---------- Records for processing
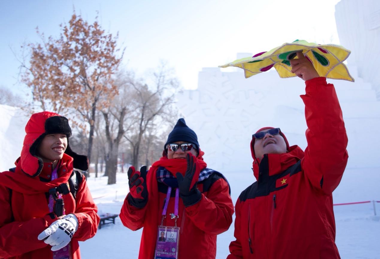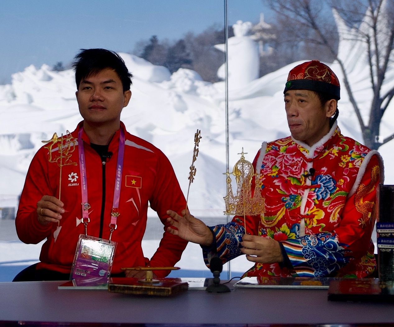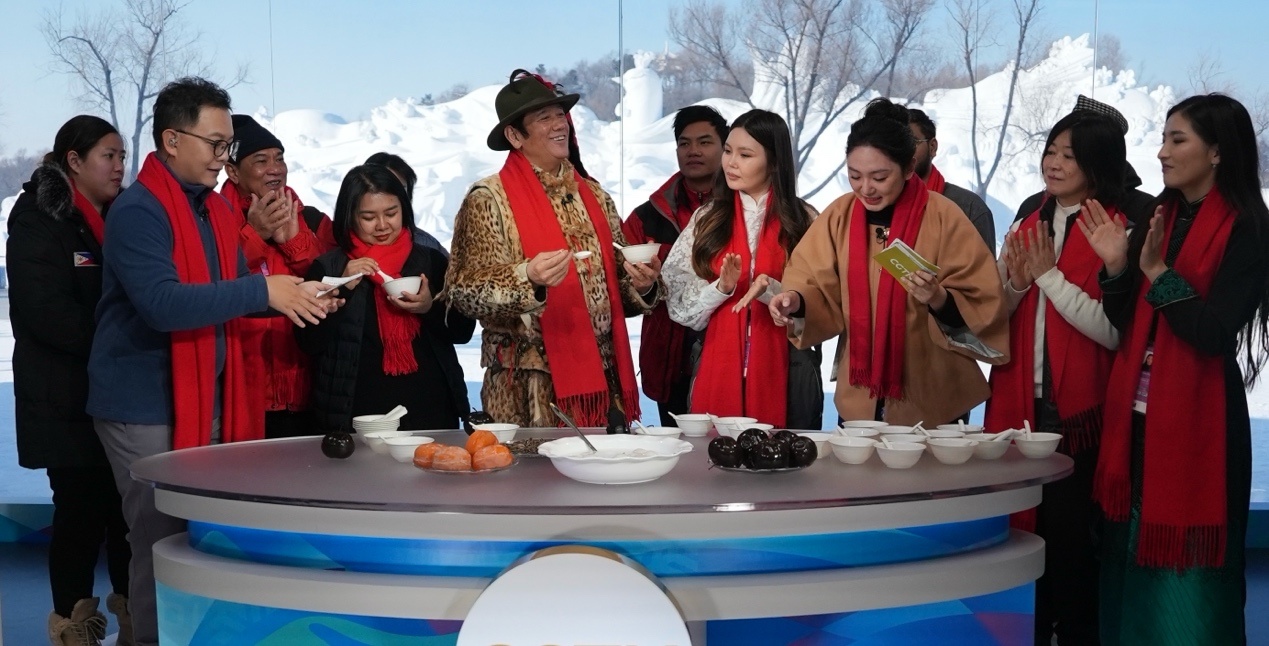 來(lái)自蒙古國(guó)、泰國(guó)、菲律賓、越南、印度、尼泊爾等國(guó)的近20位運(yùn)動(dòng)員、體育代表團(tuán)官員和媒體人,在賽場(chǎng)上比拼之后,歡聚在哈爾濱太陽(yáng)島雪博會(huì)中央廣播電視總臺(tái)的演播室,在冰天雪地中共慶新春。
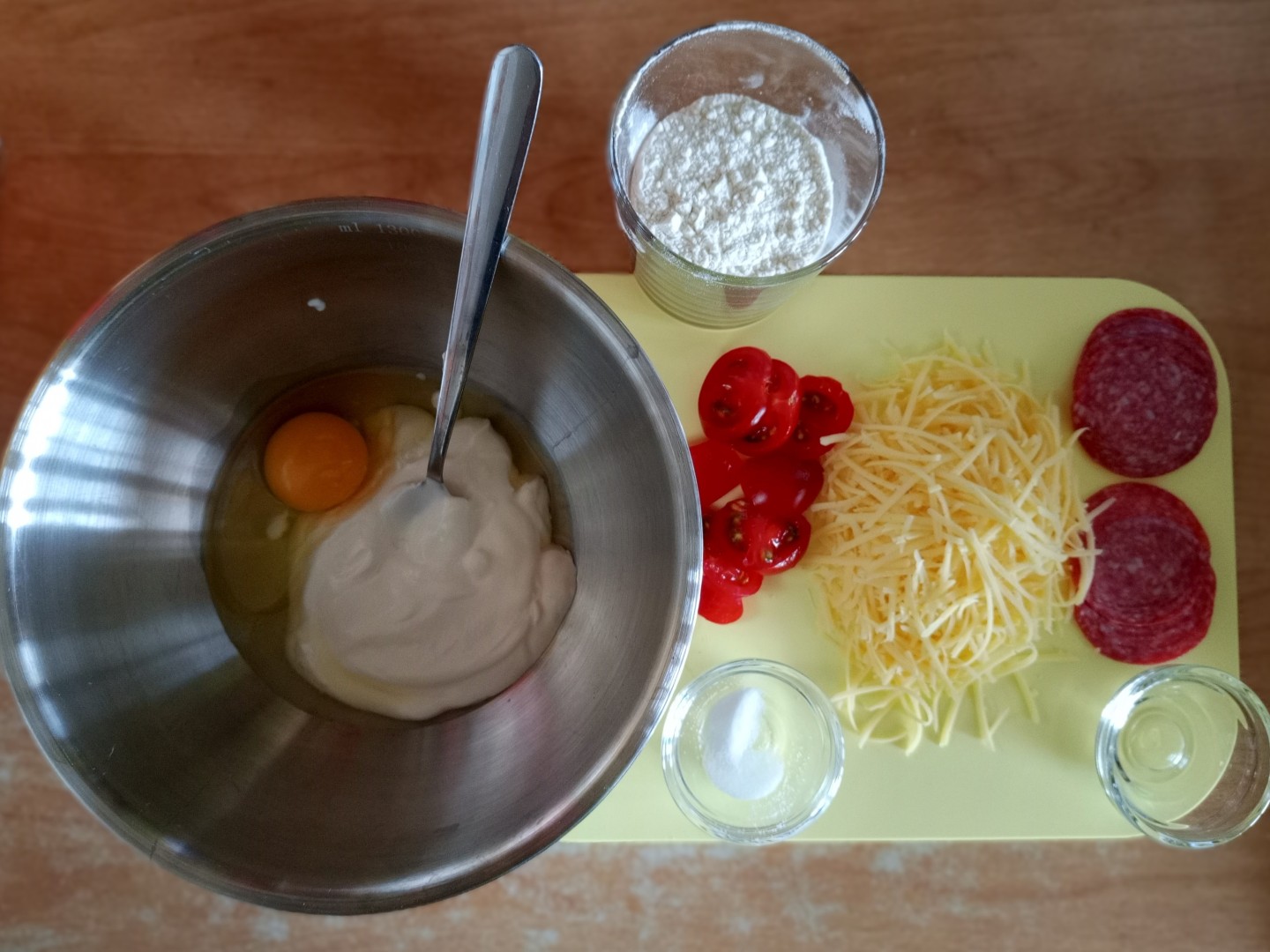 Как сделать пиццу Минутка на сметане на сковороде? Очень просто. Для начала подготовьте необходимые ингредиенты по списку. Муку берите высшего сорта. Масло - любое растительное. Сметана подойдет жирностью 15-20%. Яйца и сметана должны быть комнатной температуры, поэтому заранее достаньте их из холодильника.
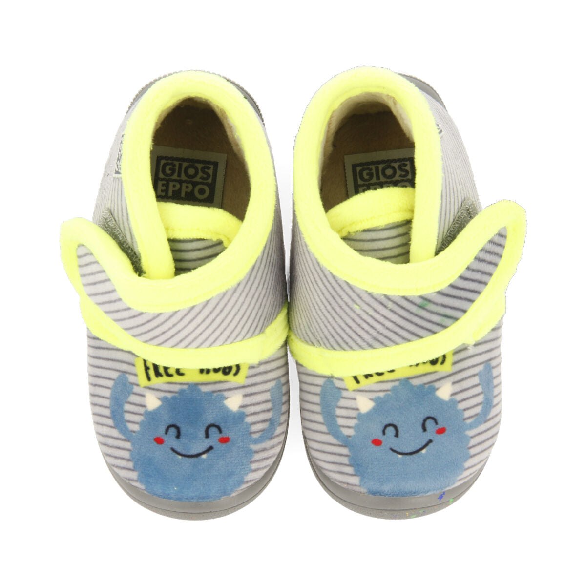 GALTUR BABIES' STRIPY GREY SLIPPERS WITH A MONSTER DETAIL
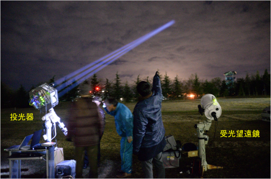 FSK変調された信号の双方向通信実験を行います。地上から「ぎんれい」に向けてLED光を照射し、また「ぎんれい」からのLED光を受光し、そのレベルを測定します。
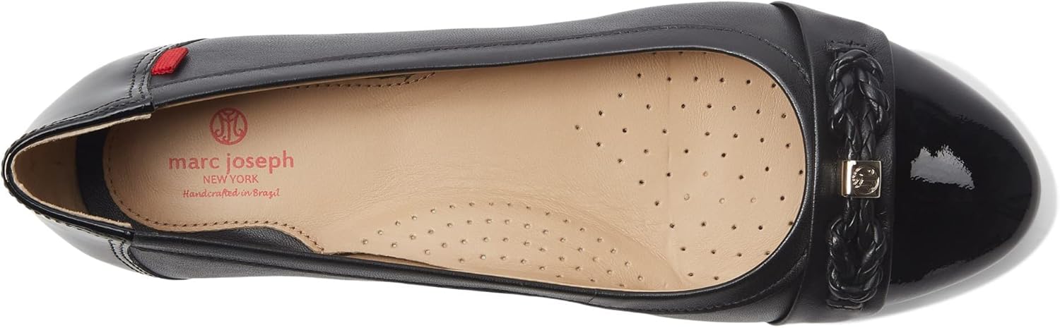 Accentuate your chic style in the MARC JOSEPH NEW YORK Park Ave Flat. Designed in NYC and crafted by skilled artisans in Brazil. Genuine leather braid bow detailing. Genuine Calf leather upper. Fully lined in Genuine Napa Calf leather. Gel heel insert, densely padded footbed & blunt arch support for optimized comfort. Durable and flexible injected rubber sole for walking traction & superior comfort. Signature red tag. Slip-on style. Round toe silhouette. Low block heel. 1/2 inch heel. Made in Brazil.
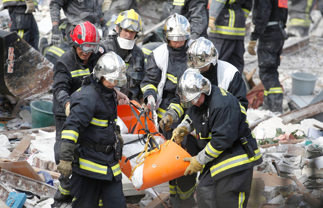 Οι διασώστες συνεχίζουν την αναζήτηση εγκλωβισμένων στα ερείπια της πολυκατοικίας εκτιμώντας όμως ότι επιζώντες μπορούν να βρεθούν κάτω από τα χαλάσματα εντός ενός χρονικού διαστήματος 12 έως 24 ωρών από τη στιγμή της κατάρρευσης η οποία έγινε χθες Κυριακή στις 08:00 τοπική ώρα (09:00 ώρα Ελλάδας). Στο σημείο του δυστυχήματος μετέβει ο γάλλος υπουργός Εσωτερικών Μπερνάρ Καζανόβ.
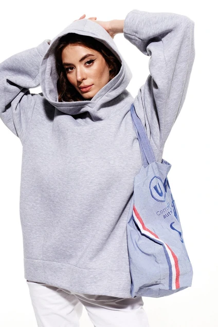 Джемпер женский, свободного силуэта, длиной ниже линии бедер из трикотажного полотна, со спущенной линией плеча. Рукав одношовный, втачной, длинный, с широкой обтачкой по низу. Низ джемпера фигурный с вытачками, обработан широкой обтачкой. Горловина обработана капюшоном с цельнокроеной стойкой. Капюшон на подкладке. Длина 78 см, рукав от горловины 72 см.
--------------------
▶ _What you are asked to do_: Retype all the entries exactly; drop the pictures.

▶ _Solution_:
 來(lái)自蒙古國(guó)、泰國(guó)、菲律賓、越南、印度、尼泊爾等國(guó)的近20位運(yùn)動(dòng)員、體育代表團(tuán)官員和媒體人,在賽場(chǎng)上比拼之后,歡聚在哈爾濱太陽(yáng)島雪博會(huì)中央廣播電視總臺(tái)的演播室,在冰天雪地中共慶新春。
 Как сделать пиццу Минутка на сметане на сковороде? Очень просто. Для начала подготовьте необходимые ингредиенты по списку. Муку берите высшего сорта. Масло - любое растительное. Сметана подойдет жирностью 15-20%. Яйца и сметана должны быть комнатной температуры, поэтому заранее достаньте их из холодильника.
 GALTUR BABIES' STRIPY GREY SLIPPERS WITH A MONSTER DETAIL
 FSK変調された信号の双方向通信実験を行います。地上から「ぎんれい」に向けてLED光を照射し、また「ぎんれい」からのLED光を受光し、そのレベルを測定します。
 Accentuate your chic style in the MARC JOSEPH NEW YORK Park Ave Flat. Designed in NYC and crafted by skilled artisans in Brazil. Genuine leather braid bow detailing. Genuine Calf leather upper. Fully lined in Genuine Napa Calf leather. Gel heel insert, densely padded footbed & blunt arch support for optimized comfort. Durable and flexible injected rubber sole for walking traction & superior comfort. Signature red tag. Slip-on style. Round toe silhouette. Low block heel. 1/2 inch heel. Made in Brazil.
 Οι διασώστες συνεχίζουν την αναζήτηση εγκλωβισμένων στα ερείπια της πολυκατοικίας εκτιμώντας όμως ότι επιζώντες μπορούν να βρεθούν κάτω από τα χαλάσματα εντός ενός χρονικού διαστήματος 12 έως 24 ωρών από τη στιγμή της κατάρρευσης η οποία έγινε χθες Κυριακή στις 08:00 τοπική ώρα (09:00 ώρα Ελλάδας). Στο σημείο του δυστυχήματος μετέβει ο γάλλος υπουργός Εσωτερικών Μπερνάρ Καζανόβ.
 Джемпер женский, свободного силуэта, длиной ниже линии бедер из трикотажного полотна, со спущенной линией плеча. Рукав одношовный, втачной, длинный, с широкой обтачкой по низу. Низ джемпера фигурный с вытачками, обработан широкой обтачкой. Горловина обработана капюшоном с цельнокроеной стойкой. Капюшон на подкладке. Длина 78 см, рукав от горловины 72 см.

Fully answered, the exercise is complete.